1. Introduction
Working memory (WM) is the ability to efficiently maintain and manipulate temporarily available information, and provides a crucial functional backbone for complex behaviours, such as memory, learning, and problem solving (Baddeley, 2012; Diamond, 2013; D’Esposito and Postle, 2015). Motivated by the centrality of WM throughout human cognition, as well as the remarkable vulnerability of WM to ageing, most theories or hypotheses on cognitive ageing have implicated WM as one fundamental cause of more general age-related declines in cognitive performance (Park et al., 2002; Reuter-Lorenz and Sylvester, 2005; Craik and Salthouse, 2011; Anderson and Craik, 2017). Therefore, illustrating the neural mechanism of WM ageing would help untangle the cognitive ageing process and develop strategies to protect and promote cognition in old age.
Over the past decades, studies using positron emission tomography (PET) and functional magnetic resonance imaging (fMRI) have shown that WM relies heavily on the prefrontal cortex (especially its dorsolateral part) and regions of the parietal lobes (e.g., superior parietal lobule and inferior parietal lobule) (Curtis and D’Esposito, 2003; Wager and Smith, 2003; Bledowski et al., 2009; Rottschy et al., 2012), and numerous studies have examined their alterations in ageing, linking extended patterns of neural activity and functional connectivity changes to WM impairment in old age (Spreng et al., 2010; Grady, 2012). When compared to their younger counterparts, older individuals have shown both decreased and increased WM-related activity (Rypma and D’Esposito, 2000; Grady et al., 2008; Carp et al., 2010; Piefke et al., 2012; Toepper et al., 2014), and the interpretation of these age-related changes has been a long-standing issue in the field. While decreased activity is usually considered to be a reflection of neurocognitive decline, those increases (i.e., hyperactivity or over-recruitment) have been viewed as signs of either compensation or dedifferentiation (Cabeza, 2002; Reuter-Lorenz, 2002; Reuter-Lorenz and Cappell, 2008), based on the correlations between brain activities and task performance. In addition, recent evidence from functional connectivity investigations on WM ageing, including those using task or resting-state fMRI, has revealed diverse results in older individuals as well, ranging from weakened long-range functional correlations (mainly between frontal and posterior regions) (Podell et al., 2012; Heinzel et al., 2017; Tsvetanov et al., 2018), to increased functional covariations between adjacent cortical regions during tasks (Cook et al., 2007; Sambataro et al., 2012).
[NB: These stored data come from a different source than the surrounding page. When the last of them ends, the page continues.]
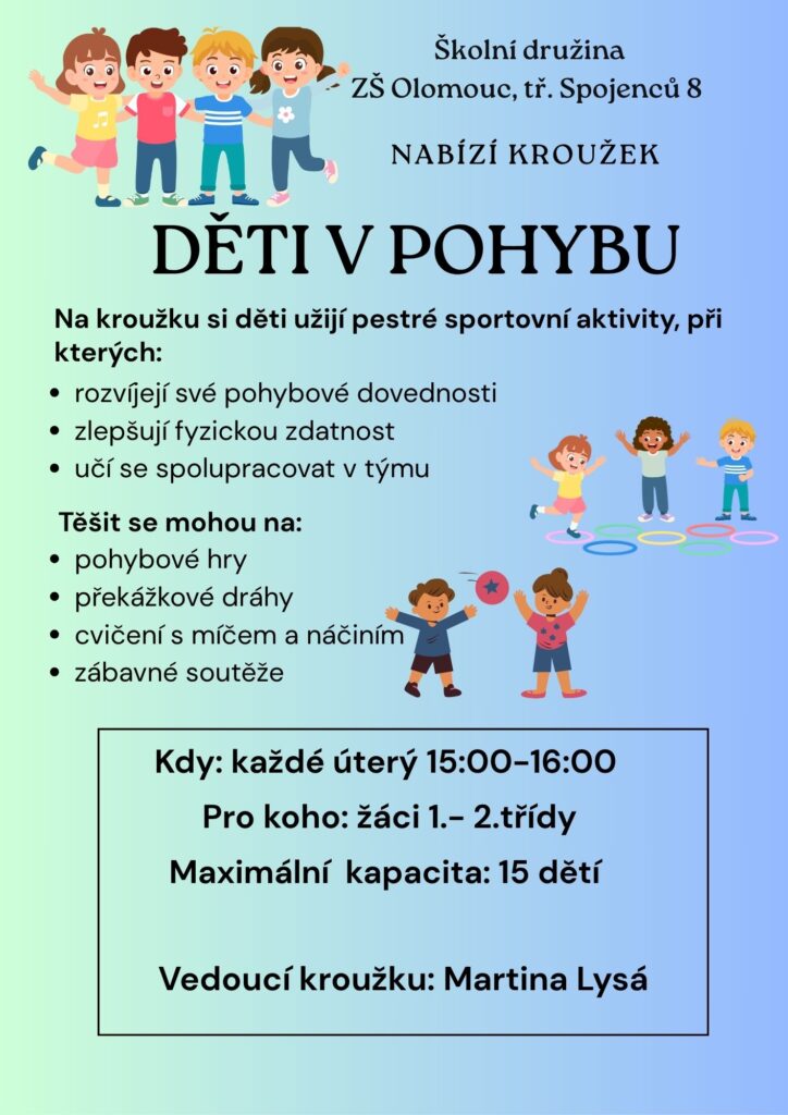 Na začátku roku vám nabízíme kroužky v rámci školní družiny. Kroužky budou zahájeny v týdnu od 13. října.
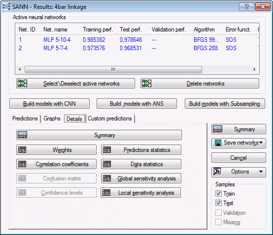 The Details tab provides access to additional information – per sample when appropriate – about the networks. For example, you can review the spreadsheet of weights for the individual networks or review the correlation coefficients for the various subsets (training, testing). You can also review the statistics of both data and predictions. Most important of all, you can carry out a sensitivity analysis.
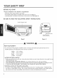 YOUR SAFETY FIRST ¢ MAKE SURE YOU HAVE ENOUGH SPACE AND SUPPORT. - Mount the oven against a flat, vertical wall, so that it is supported by the wall. The wall should be constructed of minimum 2" x 4" wood studding and 3/8" thick drywall or plaster /lath. - ATTACH AT LEAST ONE of the two lag screws supporting the oven to a vertical, 2" x 4" wall stud. - DO NOT mount the microwave oven to an island or peninsula cabinet. - BE SURE the upper cabinet and rear wall structures are able to support 150 Ibs.
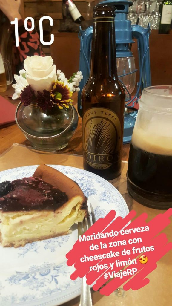 Como había cheescake de limón con frutos rojos, era la oportunidad de combinarlo con alguna cerveza stout, así que me ofrecieron una Coirón, oriunda de la zona y a cuyos creadores pronto podré conocer en este viaje.
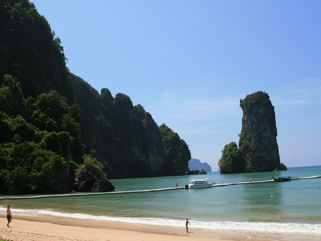 Пляжи Railay (Railey) и Hat Tham — два самых популярных пляжа, расположенные к югу от Ao Nang на холмистом полуострове Ao Phra Nang. Именно сюда едут туристы в поисках таинственных пещер (для любителей альпинизма на пляжах предлагаются занятия с инструкторами, а также специальное снаряжение).
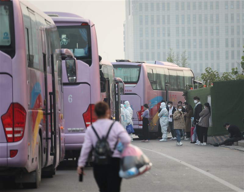 鄭州富士康園區缺工嚴重,圖為10月底搭大巴車離開的員工。圖╱中新社
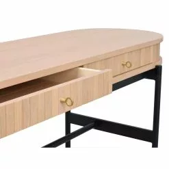 Konsolipöydässä on pehmeästi sulkeutuvat laatikot avaimille ja muille pienesineille. Koristeellinen konsolipöytä on valmistettu valkokuultolakatusta MDF-tammiviilusta ja yksityiskohdat ovat massiivitammea. Pöydän pyöreät muodot huoneeseen mukanaan aivan uudenlaista tunnelmaa ja korkeat ohuet mustat metallijalat tuovat ilmavuutta ja helpottavat siivousta.
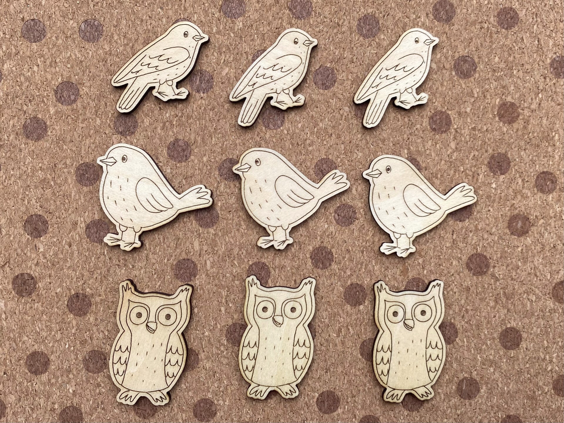 Diese kleinen herzigen Vögel sind aus Sperrholz und können für verschiedenste Aufgaben, Aktivitäten oder Bastelarbeiten genutzt werden. In einem Set sind 9 Vögel (je 3) enthalten.
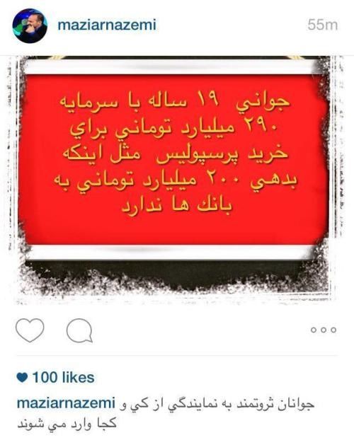 پرسپولیس یک مشتری جدید پیدا کرد؛ جوانی که فقط 19 سال سن دارد.به گزارش خبرگزاری خبرآنلاین؛ رئیس روابط عمومی وزارت ورزش از طریق صفحه اینستاگرام خود خبر داده که پرسپولیس یک مشتری جدید پیدا کرده، مشتری که فقط 19 سال سن دارد. ناظمی در اینستاگرام خود نوشت: «جوانی 19 ساله با سرمایه 290 میلیارد تومانی برای خرید پرسپولیس. مثل اینکه بدهی 200 میلیارد تومانی به بانک ها ندارد. جوانان ثروتمند به نمایندگی از کی و کجا وارد میشوند؟»
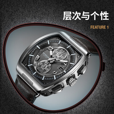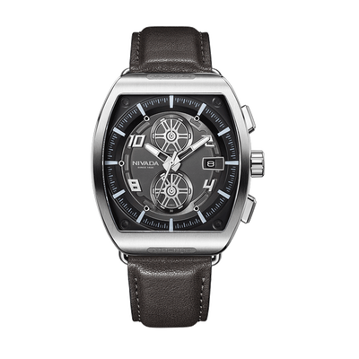 别致的酒桶型表盘,彰显出一丝复古感。立体的多个表冠设计,轻松调节校准时间,银色的表圈增添典雅的气息。
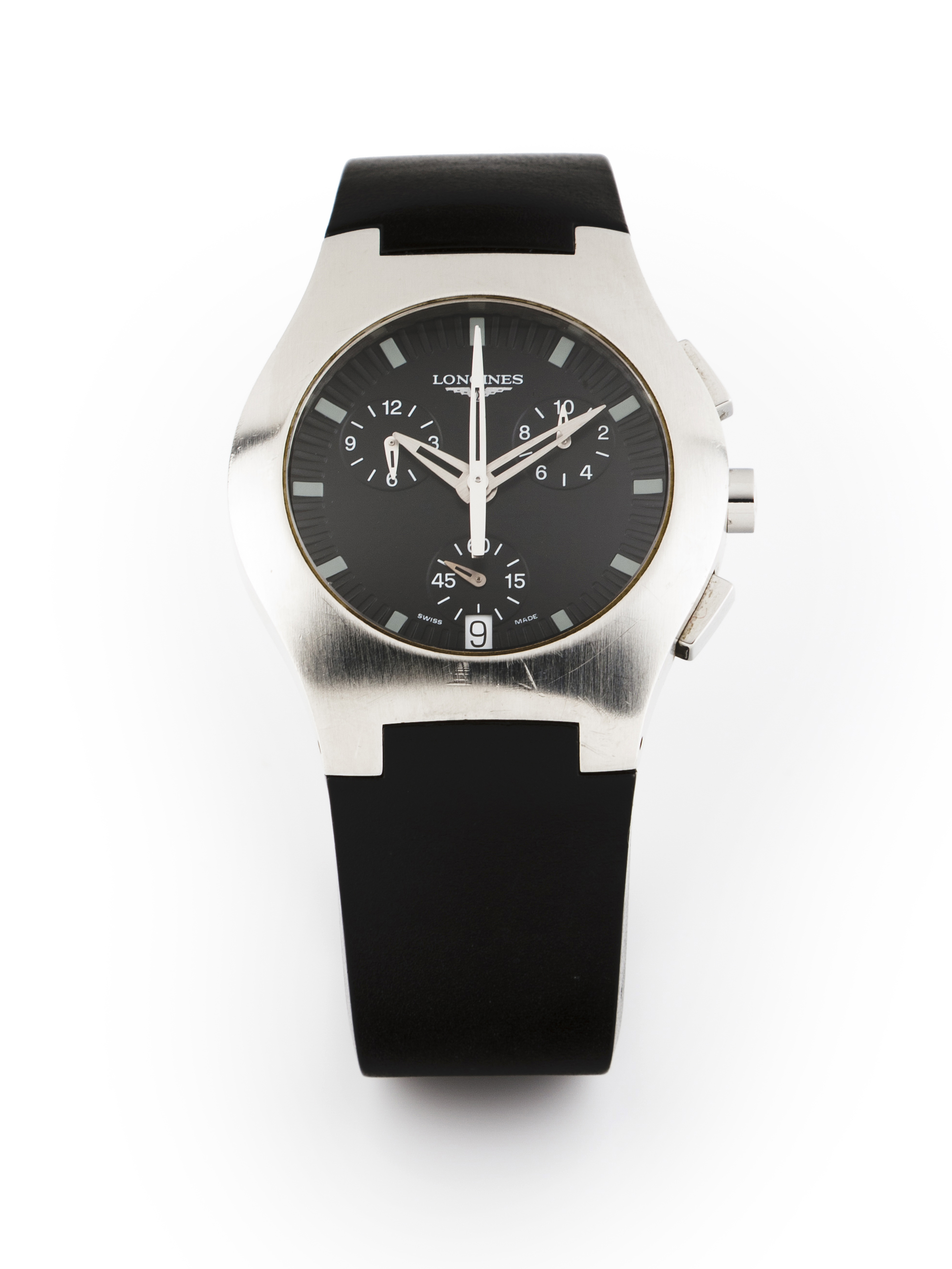 Movimento de quartzo com função cronógrafo e data às 18h. Caixa em aço. Em bom estado de conservação.

Taken together, these findings highlight the important roles for both neural activity and functional connectivity in the WM ageing process, consistent with the idea that the two functional measurements provide complementary information on the brain physiology underlying cognition (Friston, 2011; Turk-Browne, 2013; Misic and Sporns, 2016). However, to the best of our knowledge, limited studies have applied the two methods in concert to better understand cognitive functions or their ageing (Murphy et al., 2016; Tsvetanov et al., 2018). This lack of integration might be partly because most connectivity studies have been conducted based on resting-state fMRI data, which lacks cognitive measurements during data acquisition, and for methods to examine connectivity in task fMRI data, such as psychophysiological interactions (PPI) (Friston et al., 1997) and dynamic causal models (DCM) (Friston et al., 2003), task-evoked activations have been incorporated into the modelling of time series (Friston, 2011), thus without clear distinctions between brain activity and connectivity. Hence, we proposed that the distinction and joint evaluation of brain activity and connectivity would improve the understanding of how the brain was functionally shaped for higher cognitive function and how cognitive ageing occurred in the brain.
We therefore applied a recently introduced approach, background connectivity, to process task-induced blood oxygen level-dependent (BOLD) signals. The background connectivity could be thought of as an extension of resting connectivity, where one does not need to assume a stable default state, and the logic of background connectivity emphasizes that the BOLD signals during performing cognitive tasks carry two components of task-related information, one is the task stimuli reaction (task-evoked activity) and the other one is the current cognitive status maintenance (state-related activity) (Al-Aidroos et al., 2012; Norman-Haignere et al., 2012; Turk-Browne, 2013; Duncan et al., 2014); therefore, the connectivity among regions could be assessed independently by regressing out the task-evoked activity. In the present cross-sectional research, we aimed to characterize those two functional components with a classical visual N-back WM task and to then examine their contributions to age-related changes in WM.